ASUS's NVIDIA RTX Spark Laptops Could Give The MacBook Pro Some Competition
Engadget's Steve Dent reports that ASUS's new ProArt P16 and P14 laptops, powered by NVIDIA's RTX Spark chip, present a compelling challenge to Apple's MacBook Pro lineup for creative professionals. The ProArt P16 measures just 3.9 pounds and 0.51 inches thick, while the ProArt P14 is 3.2 pounds and 0.55 inches — both significantly slimmer and lighter than the equivalent MacBook Pro models. ASUS has equipped both laptops with Lumina Pro OLED displays offering up to 4K resolution (3K on the P14), 120Hz refresh rates, 1,600 nits of peak brightness, 100 percent DCI-P3 coverage, and Delta E less than 1 color accuracy — matching or exceeding Apple's XDR displays while offering superior OLED contrast and black levels.
According to Engadget, the RTX Spark-powered ProArt laptops are designed for demanding creative workflows beyond what previous Windows on Arm systems could handle. ASUS claims the laptops can render ultra-large 90GB-plus 3D scenes, edit 12K 4:2:2 video, run 120-billion-parameter LLMs with up to 1 million tokens of context, and play AAA games at 1440p and 100 frames per second — all leveraging the chip's 128GB of unified memory, RTX 5070-class Blackwell GPU, and dedicated AI neural processing unit.

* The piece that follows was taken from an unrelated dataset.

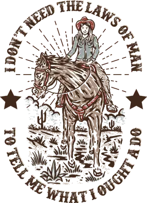 See allThis unique DTF transfer features a determined cowgirl riding her horse across a desert landscape, framed by the powerful, defiant quote: "I DON'T NEED THE LAWS OF MAN TO TELL ME WHAT I OUGHT TO DO." The design boasts a rustic, hand-drawn aesthetic with a weathered texture, perfectly capturing the spirit of independence and self-reliance. It's a striking ready to press design that combines classic Western imagery with a bold, free-spirited message, ideal for those who forge their own path. This design is perfect for fiercely independent women, cowgirls, equestrians, and anyone who lives by their own rules. It makes a fantastic statement piece for country music concerts, rodeo events, Western lifestyle enthusiasts, or simply as an everyday expression of personal freedom. Small boutique owners and crafters looking for unique iron on transfer designs with a powerful message will find this a popular choice for custom apparel. Gift it to a strong woman in your life who embodies a pioneering spirit. This versatile heat press transfer works beautifully on a wide range of fabrics, including cotton, polyester, cotton-poly blends, and even nylon. Application is straightforward: simply use a heat press at 300-325°F for 15 seconds with medium pressure, or apply with a household iron. There's no tedious weeding required – just peel and press! It's perfect for creating custom t-shirts, cozy hoodies, stylish sweatshirts, practical tote bags, and rugged denim jackets. For best longevity, wash garments inside out and tumble dry on low heat. Experience professional results with this high-quality ready to press transfer. It delivers vibrant, full-color printing with exceptional detail, ensuring your finished product looks stunning. The print is crack-resistant and boasts a soft feel, unlike heavy vinyl. Each direct to film transfer is produced on premium DTF film, complete with a robust adhesive backing for reliable application and lasting durability on any garment.

The systems support key content creation applications including Adobe Creative Cloud, Blackmagic DaVinci Resolve 21, and Blender for Windows 11 on Arm.
The article notes that key questions remain: pricing has not been revealed, battery life under creative workloads is unknown, and Windows 11's Copilot+ integration remains uneven. However, the hardware combination of RTX Spark's GPU performance, OLED display quality, and slim design positions the ProArt lineup as a genuine alternative for video editors, photographers, and other creators who currently rely on MacBook Pros. ASUS's laptops will launch alongside the first wave of RTX Spark devices in the second half of 2026.